9.4. – Il medesimo orientamento interpretativo è stato avallato, sempre con riferimento alla sessione del 2024, anche dal Consiglio di Giustizia Amministrativa per la Regione Siciliana con la sentenza del 5 novembre 2025, n. 856, con la quale è stato ribadito il “ consolidato orientamento della giurisprudenza amministrativa, richiamato dal giudice di prime cure, in ordine alla sufficienza del voto numerico negli esami di abilitazione all'esercizio della professione forense è stato avallato dall'Adunanza Plenaria, con sentenza -OMISSIS- del 20 settembre 2017, sul presupposto che, de jure condito, “numerosi argomenti militano in favore della riaffermazione dell'indirizzo della sufficienza della espressione numerica del voto ”.
10. – Non può essere accolta nemmeno la doglianza con cui si contesta l’insufficienza del voto attribuito dalla Commissione all’elaborato di diritto penale redatto dal ricorrente.

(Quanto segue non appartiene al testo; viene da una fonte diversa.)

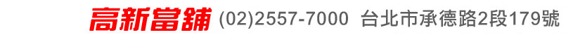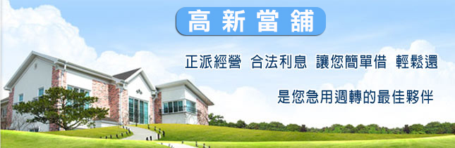 在你急須週轉的關鍵時刻本公司提供汽機車借款、工商融資.各種長短期週轉服務,完全按照政府明訂法規為準,利息則依照當舖營業法相關法律規定計算,絕非地下錢莊高利息,當然也不會有違法的暴力討債。有資金上的問題,竭誠歡迎您親臨本公司或來電洽詢, 高新當舖專業經營,秉持熱誠服務手續簡便、放款快速,誠信安全,息低保密,透明化借貸流程讓您好放心。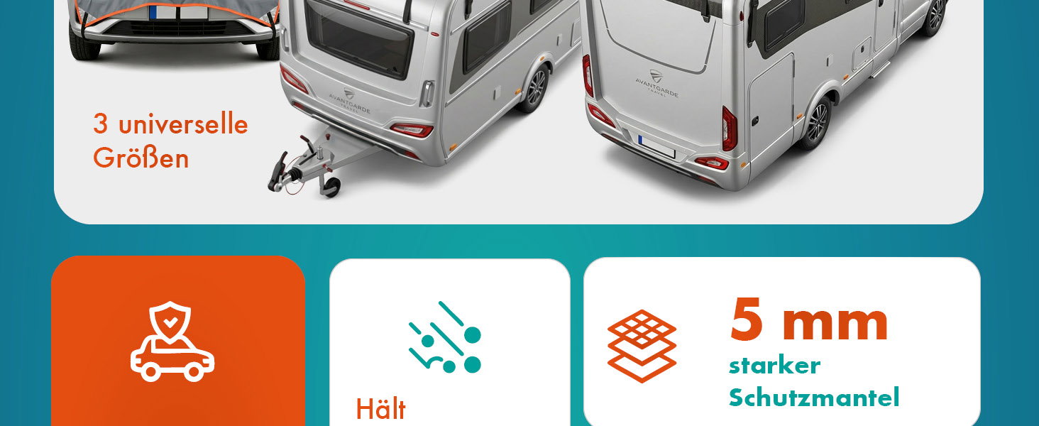 Dicke, bedrohliche Wolken ziehen auf, und Ihr Fahrzeug steht draußen. Mit der Hagelschutzplane Universal können Sie unbesorgt zusehen, wie der Hagel niedergeht. Ihr Wohnmobil oder Wohnwagen ist geschützt: Hagelkörner prallen an der gut gepolsterten Plane ab, und Scheiben, Dach sowie Motorhaube bleiben unversehrt. So können Sie den Moment beruhigt genießen, ohne sich um teure Reparaturen sorgen zu müssen.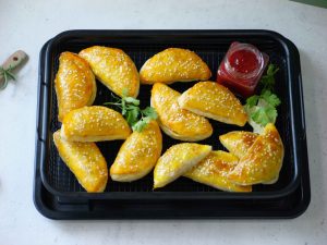 -Apply egg wash & sprinkle sesame seeds (makes 24-26).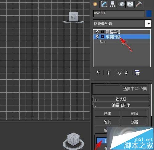10、在命令面板里選擇“編輯網(wǎng)格”,在“編輯幾何體”中單擊“擠出”,設(shè)置擠出值為“30”。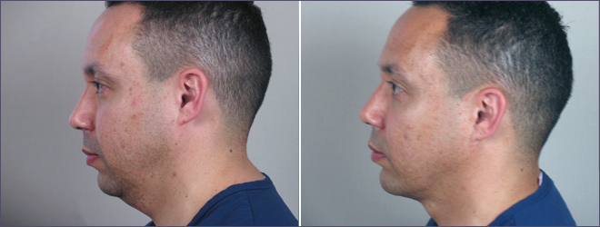 This 35 year old Hispanic patient was bothered by fullness in his neck. Dr. Parker performed VASER liposuction, removing 50 cc of fat. He also inserted a chin implant. After a rapid recovery, the patient was delighted with the markedly improved contour of his neck and chin.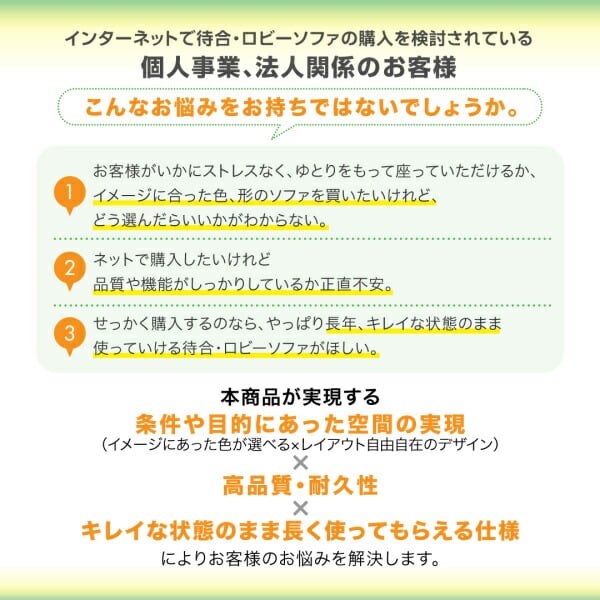 空間に合わせて色と形を選ぶカバーリング待合ロビーソファ ソファ4点セット 半円×2+背あり+背なし 2P×4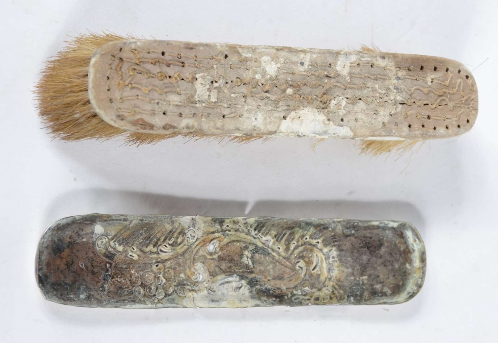 Duas peças, sendo:Leque e uma escultura de marfim representando pescador (faltando partes).

10.1. – Al riguardo, giova preliminarmente rammentare che il merito della valutazione operata dalla commissione di esame è espressione di ampia e qualificata discrezionalità tecnica, il cui concreto esercizio può essere soggetto al sindacato di legittimità del giudice amministrativo solo se viziato da travisamento dei fatti, violazione delle regole di procedura, illogicità manifesta con riferimento ad ipotesi di palese erroneità o irragionevolezza.
10.2. – Nel caso di specie, la sussistenza di tali vizi non è concludentemente dimostrata dal ricorrente.

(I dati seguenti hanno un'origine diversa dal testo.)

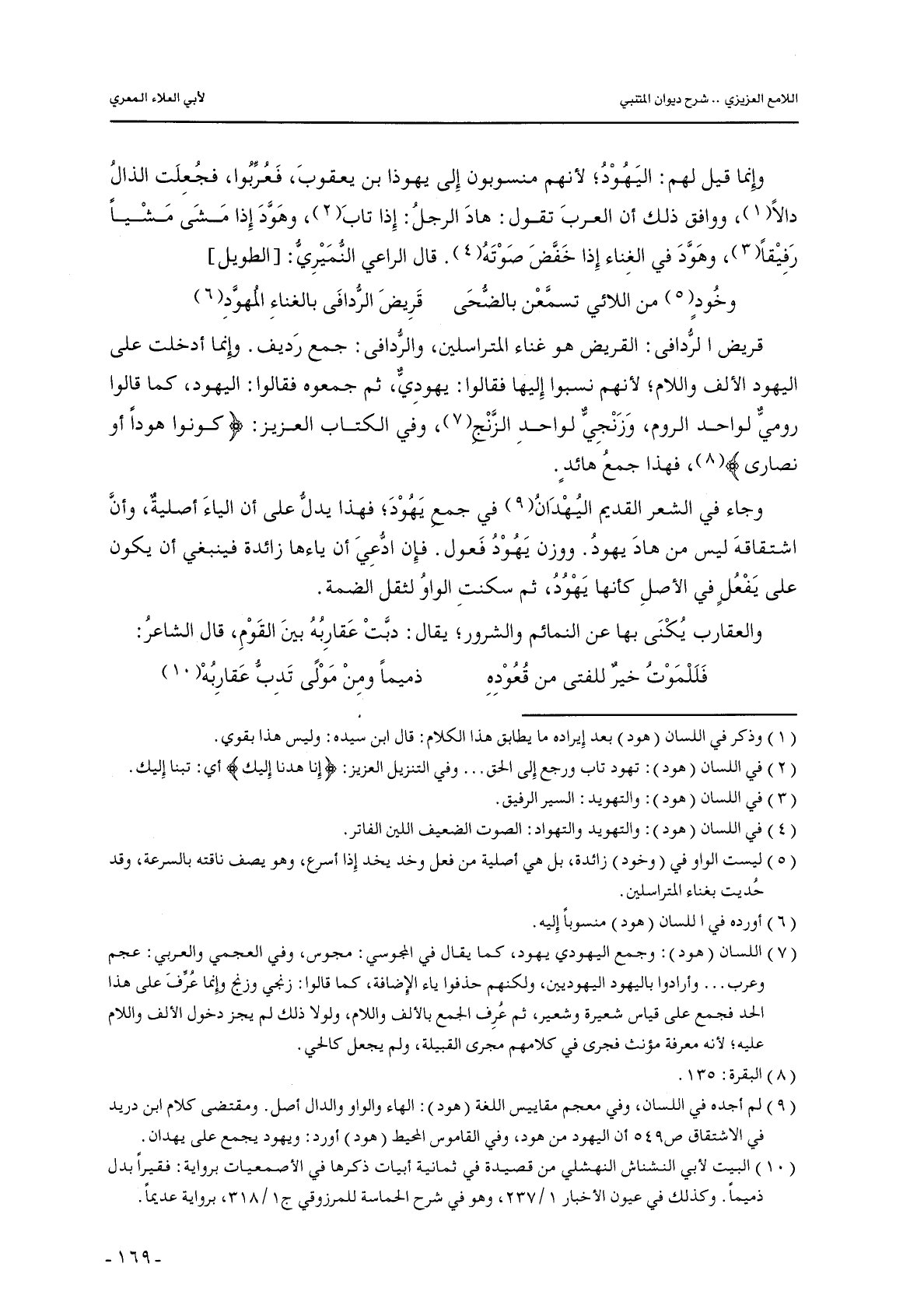 قريض الردافى: القريض هو غناء المتراسلين, والردافى: جمع رديف. وإنما أدخلت على اليهود الألف واللام؛ لأنهم نسبوا إليها فقالوا: يهودي, ثم جمعوه فقالوا: اليهود, كما قالوا رومي لواحد الروم, وزنجي لواحد الزنج, وفي الكتاب العزيز: {كونوا هودًا أو نصارى} , فهذا جمع هائدٍ.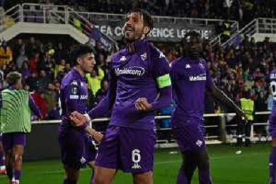 TVRG Fiorentina vs Celje nella foto esultanza finale Fiorentina Firenze 17-04-2025 Stadio Artemio Franchi UEFA Conference League quarti di finale gara di ritorno foto Roberto Garavaglia/Agenzia Aldo Liverani sas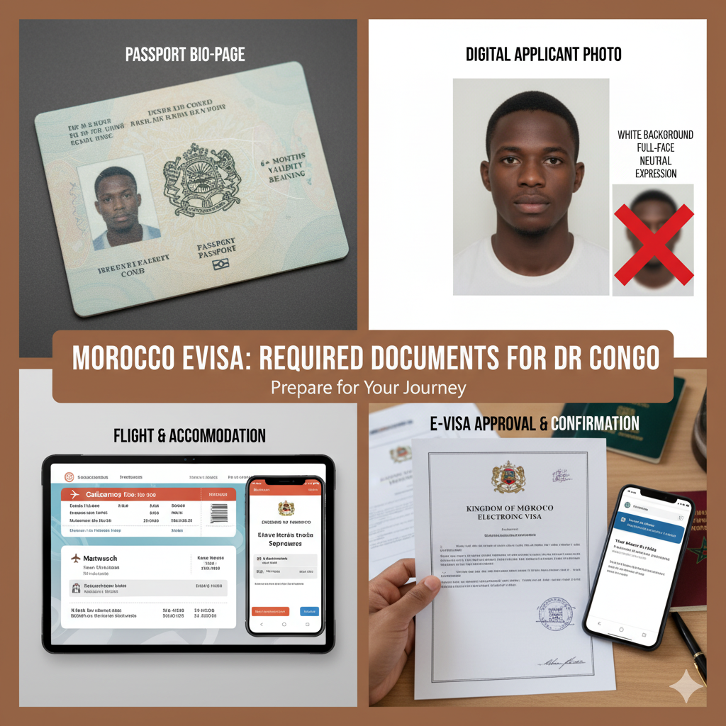 For the Morocco eVisa for Democratic Republic of the Congo you will generally need the following items. While required documents for Morocco eVisa can change, these are the standard ones:

Le deduzioni del ricorrente finiscono, dunque, per risolversi nella mera, generica pretesa, invero inammissibile, di sovrapporre il proprio personale giudizio a quello della Commissione ed implicano, pertanto, uno sconfinamento nel merito delle valutazioni amministrative.
11. – Da ultimo si evidenzia l’infondatezza della censura inerente ai tempi di correzione degli elaborati da parte della Commissione.
Non sono, infatti, sindacabili in sede di legittimità i tempi dedicati dalle commissioni esaminatrici alla valutazione dei candidati, a maggior ragione se tali tempi siano stati calcolati in base a un computo presuntivo dato dalla suddivisione della durata di ciascuna seduta per il numero di concorrenti o degli elaborati esaminati, in quanto non è generalmente possibile stabilire quali concorrenti abbiano fruito di maggiore o minore considerazione e, quindi, se il vizio dedotto infici in concreto il giudizio contestato ( cfr . Cons. Stato, Sez. III, 21 dicembre 2022, n. 11160).
12. – In conclusione, i motivi di impugnazione degli atti dell’Amministrazione sono infondati e devono, pertanto, essere rigettati.
Da ciò consegue anche l’infondatezza della domanda di condanna al risarcimento del danno, peraltro formulata in termini non specifici.
13. – Sussistono, tuttavia, i presupposti di legge per compensare le spese di lite tra le parti in causa.
P.Q.M.
Il Tribunale Amministrativo Regionale per il Lazio (Sezione Prima), definitivamente pronunciando sul ricorso, come in epigrafe proposto, lo respinge.
Spese compensate.
Ordina che la presente sentenza sia eseguita dall'autorità amministrativa.
Ritenuto che sussistano i presupposti di cui all'articolo 52, commi 1 e 2, del decreto legislativo 30 giugno 2003, n. 196 (e degli articoli 5 e 6 del Regolamento (UE) 2016/679 del Parlamento europeo e del Consiglio del 27 aprile 2016), a tutela dei diritti o della dignità della parte interessata, manda alla Segreteria di procedere all'oscuramento delle generalità.
Così deciso in Roma nella camera di consiglio del giorno 14 gennaio 2026 con l'intervento dei magistrati:
IP RI IA, Presidente FF
Matthias Viggiano, Primo Referendario
RT UG, Primo Referendario, Estensore
| L'ESTENSORE | IL PRESIDENTE |
| RT UG | IP RI IA |
IL SEGRETARIO
In caso di diffusione omettere le generalità e gli altri dati identificativi dei soggetti interessati nei termini indicati.